Rosetta Stone preaches total immersion: using photos and native speakers, the course doesn't contain a word of English, and uses complete sentences almost exclusively. I'm not sure if it would be as effective without my previous education, or whether I would be completely overwhelmed (after chatting with some of the other learners, I think the latter is more likely.) Still, it's a great mix of speaking, reading, writing and listening, with vocabulary and grammar drills mixed in for good measure (some in the form of optional games, which can be played alone or with other online students.)

At the end of each unit (there are four within each level, and five levels altogether) students schedule a session with a language coach. Up to three other students also attend, speaking only in the target language, and everyone has fun practicing their new skills. There is great variation among the coaches; I've had some terrific ones and some who ask the same questions over and over again.
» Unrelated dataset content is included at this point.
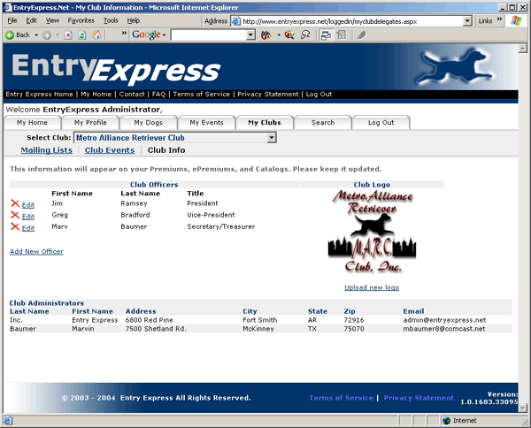 Set up your club, officers, and logo. Club Administrators are listed at the bottom. A club can have multiple administrators.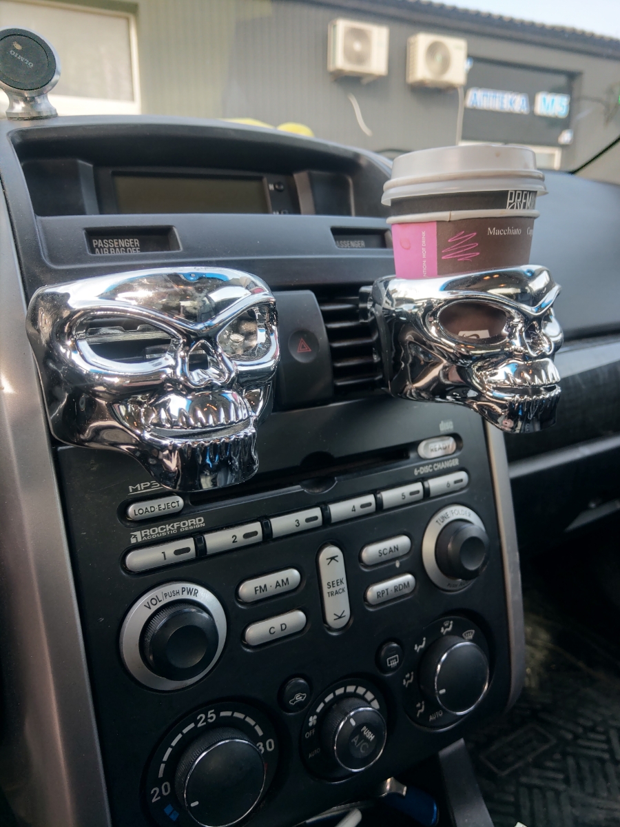 Подстаканник в дефлектор, автомобильный, "череп", хром

Likewise, among the students, there are some who, like me, have studied the language before, and some who are struggling for basic proficiency. The most fun sessions have been when the teacher is relaxed and the students curious; s/he will allow us to simply converse, teaching new vocabulary and phrases in conjunction with the guided practice set forth by the program. And even when connection problems prevent actual instruction, the experience is enjoyable: once the instructor was cut off halfway through, but we all stayed online and dutifully asked questions in French until the session ended.

Anyway, for homeschoolers or lifelong learners, I think it would be hard to beat this course for the price. By coincidence, I have two other friends in the program at the same time: one who is learning for fun and another who is preparing for a monthlong family trip to Paris. Both have had fun, though Kelly (who is studying for the first time) says she sometimes has to repeat lessons to really learn them, and Julie is frustrated by the headset that seems to have constant technical difficulties. (Since I did the online course, mine didn't come with a headset; my iPod earbuds have worked pretty well.)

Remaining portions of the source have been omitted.